And let's be frank, simcity 2013 is a real agent based game, however broken it is. This game is NOT a pure agent based simulation. The game mechanic here is more similar to Ceasar III, with the addition of traffic simulation.

Why? Because the only real agents in this game are the ambulances, garbage trucks and etc, basically all the civil service vehicles and goods transports. I call them as the REAL agent because their physical presence brings certain service to a location. Really it is the same thing as the priest, engineer, goods delivery guys in Ceasar III.

Most of the cims, i.e., the workers going to and from work, are NOT real agents. Each with a certain destination in mind, they are there just to create a traffic pattern, which may slow down the REAL agents mentioned above, thus forcing us to design a rational road network. Whether they ever reach the work place or disappear in a traffic jam has no impact on the operation of the work place at all. All the game engine needs is just to find a connection to the work place when assigning one cim to a job. (Still remember the in Ceasar III, once a citizen reached a work place, it never returns home?)

Now some may call this cheat, but I thank the developer to take this approach because I can play this game on my aging laptop. And before anyone rage-uninstall the game, think twice about whether it is really necessary to simulate every single cims as an independent REAL agent? what effect do we want/need to model anyway?

I can basically think of four, and hope others can add to it:
1. affect whether work place is operating or not depending on if the cims have arrived or left.
2. impact the customer count in commercial buildings.
3. create a realistic road traffic.
4. commute time

The first effect is really difficult to implement even with each cim as a real agent. Because then should we force a same working hour for the people? No city builder game can ever re-create the real time scale/pattern.
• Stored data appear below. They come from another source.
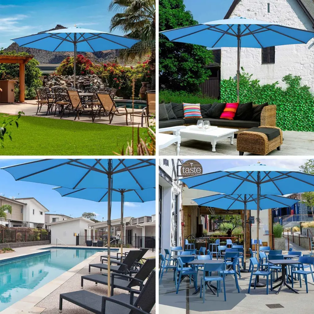 Yescom 13ft Xl Heavy Duty Solid Wood Outdoor Patio Umbrella With Base Parasol Wheels Stand For Bistro Market Table Garden Deck Yard Poolside Blue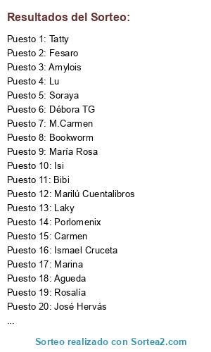 Lista de participantes: Agueda (9 participaciones), Bibi(9 participaciones), Débora TG (9 participaciones), Bookworm (5 participaciones), Carmen (5 participaciones), Marina (5 participaciones), Fesaro (9 participaciones), José Hervás (9 participaciones), Marilú Cuentalibros(9 participaciones), Soraya (9 participaciones), María Rosa (7 participaciones), Porlomenix (6 participaciones), Javier(7 participaciones), Rosalía (7 participaciones), M.Carmen(9 participaciones), Laky (9 participaciones), Ismael Cruceta (7 participaciones), Pilu, Lu (9 participaciones), Tatty (9 participaciones), Isi (5 participaciones), Amylois (8 participaciones), Amylois.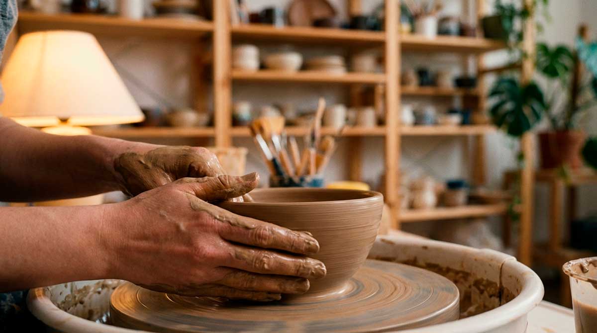 Участники лепят чашки, вазы или тарелки своими руками. Это может быть индивидуальная работа за кругом (нужен инструктаж) или лепка за общим столом, где команда общается в процессе создания формы.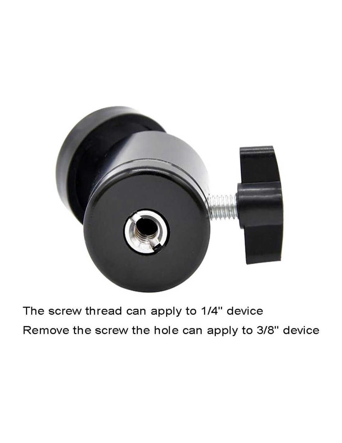 El cabezal de bola compacto Lunies está diseñado para los faros HTC VIVE, sensores Oculus Rift, videocámaras y otros dispositivos. Te ayuda a ajustar el ángulo fácilmente. - Material: Aleación de aluminio, metal y PVC - Rosca: 1/4" y 3/8" - Pan: 360 . - Diámetro: 1.14" (29mm) - Altura: 2.17" (55mm) - Peso: 2.8 onzas (80g) Paquete que incluye 2 x cabezal de bola

The second one I really would like to see, but it can be done based on the traffic amount on the road, similar to Simcity 4, which would be good enough for me at least. Otherwise more elaborated economic model needs to apply.

The third one is already achieved, that means there is working pathfinding AI, even if not optimal, but people are not always rational anyway.

The last one I think has the most visible impact on the game, as it is really easy to create a situation where people cannot reach their work place without a proper transport connection. But it is not that hard to fix. Adding a commuting time count for each cim and setting an upper limit might do. For cims living at certain place, If all the available jobs have a commuting time higher than certain threshold, then the cims cannot reach their work and will abandon the house, which takes into account the distance and the congestion along the path.

(There are two uncertain assumptions about how the game work now: first, how do cim find a job? It seems to be based on matching education level+shorter distance+random factor; second, do the pathfinding AI take into account the road congestion, i.e., if one road is congested do they change to another route in the future? this is relevant because the commuting time need to be re-caculated regularly, say every game month, to check if road congestion changes or not)

Such implementation could add considerable realism to the game without needing to revamp the game into a fully agent based simulation. I am not sure how much extra memory would be needed to store the commuting time for each cim, but possibly not much. However, any mod or update tackling this issue will need thorough test on large scale cities and see if the job-associating simulation could reach an equilibrium, because the game maybe very sensitive to the commuting time threshold and mass abandonment might occur (it might also be better to set a different value of the threshold for each cim).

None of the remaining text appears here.